Кейт все же улыбнулась. Во времена замужества за телефон всегда приходилось платить ей; Том редко представлял себе, кому они платят и за что. А кто сейчас, интересно, оплачивает его счета?
– Во сколько ты будешь завтра в Степлтоне? – спросил Том. Голос его был еле слышен из-за шумов на линии.
Кейт закрыла глаза и вслух стала вспоминать маршрут.
– Из Бухареста на Франкфурт через Варшаву рейсом 170 в семь десять утра.
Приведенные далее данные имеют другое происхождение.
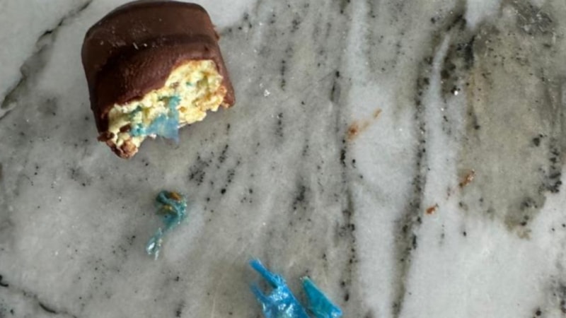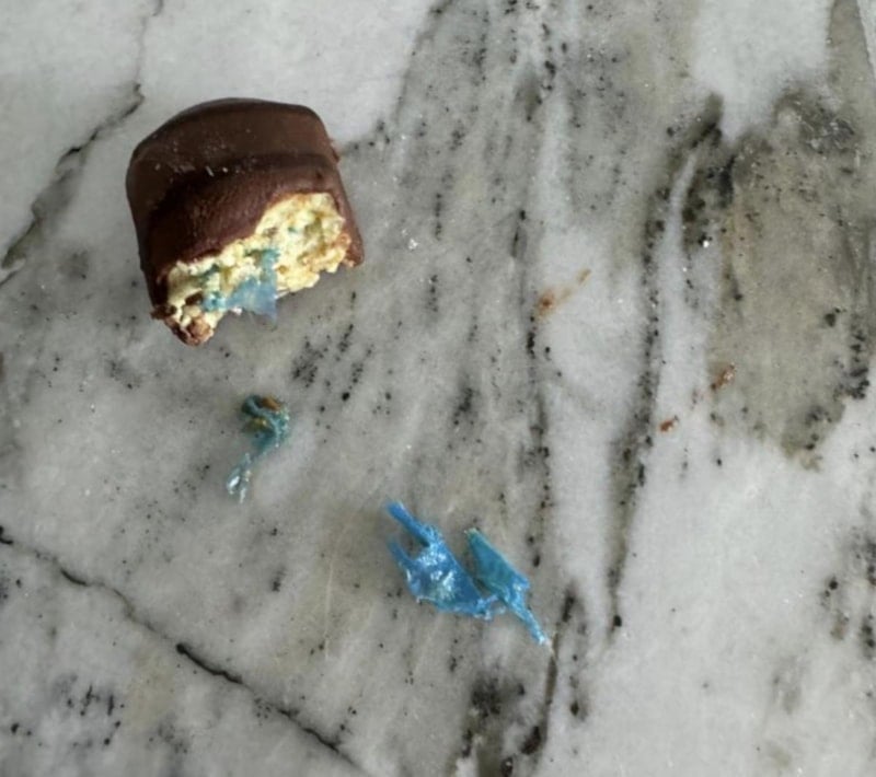 Çikolata kontrol edildiğinde ise, içinde plastik parçalar olduğu fark edildi.

Из Франкфурта рейсом 67 в десять тридцать утра прибытием в аэропорт Кеннеди в час ноль пять дня. Потом из Кеннеди рейсом 97 прибытием в Денвер в семь пятьдесят восемь вечера.
– Ого, – сказал Том. – Тяжелый день для малыша. Да и для мамаши.
В наступившей секундной паузе слышен был лишь приглушенный шум на линии.
– Я буду встречать тебя в Степлтоне, Кейт.
– Не стоит…
– Я буду тебя встречать.
Кейт не стала спорить.
– Спасибо, Том, – сказала она. – Ах да…, захвати с собой сиденье для машины.
– Что захватить?
– Сиденье для ребенка в машине.
Послышался приглушенный смешок; Том чертыхнулся.
– Отлично, – сказал он наконец. – Я весь день буду искать это дурацкое сиденье. Считай, что оно у тебя есть, Кэт. Я тебя люблю. До завтра.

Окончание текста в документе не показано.